A September 16 article on Tahrir-ICN explained: “The main form of revolutionary organisation in Syria has been at the local level, through the work of local committees and local councils … Today hundreds of local committees/coordinations have been established in neighborhoods and towns throughout the country …

“Whilst organising on the local level, they have built up networks of solidarity and mutual aid across the country. At the city and district levels local councils have been established. There are 128 throughout Syria.”

These are affiliated with “a number of different umbrella groups that have emerged to coordinate and network on the regional and national level.
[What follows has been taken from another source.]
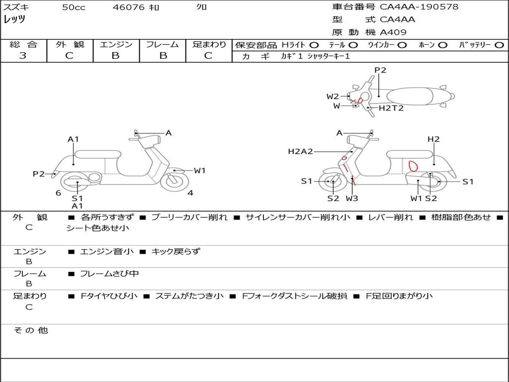 | Номер рамы / VIN | CA4AA-190578 |

These include the Local Coordination Committees, National Action Committees, the Federation of the Coordination Committees of the Syrian Revolution and the Syrian Revolution General Commission .

“None represent the totality of local committees/councils … For example the Local Coordination Committees comprises 14 local committees.”

Announcing their September 14 agreement, both the US and Russia indicated support for peace talks, proposed for an unspecified date at Geneva, between the Syrian government and opposition, regional and global powers. However, they disagreed on which opposition groups and regional powers should be represented.

Russia’s main interest in Syria is its strategically important naval base at Tarsus.

In an interview in the September 20 Guardian, Syrian deputy prime minister Qadri Jamil supported the proposed talks and observed the conflict was at a stalemate.

Any settlement imposed by Russia, the US and other outside powers is likely to be against Syrian interests and install a regime combining elements from Assad’s state with some of the nastier opposition elements. However, if it reverses the militarisation of the conflict, it may benefit the revolutionary struggle.

Describing the relationship between the mass movement and the armed opposition, an activist with Syrian Revolutionary Youth told Syria Untold on September 19: “True, armed resistance is more prominent, but non-violent activity accompanies it.

“The military option will not fulfill all the demands of the revolution. It will help us reach a certain point, after which we will have to continue the peaceful struggle to meet the rest of our demands.”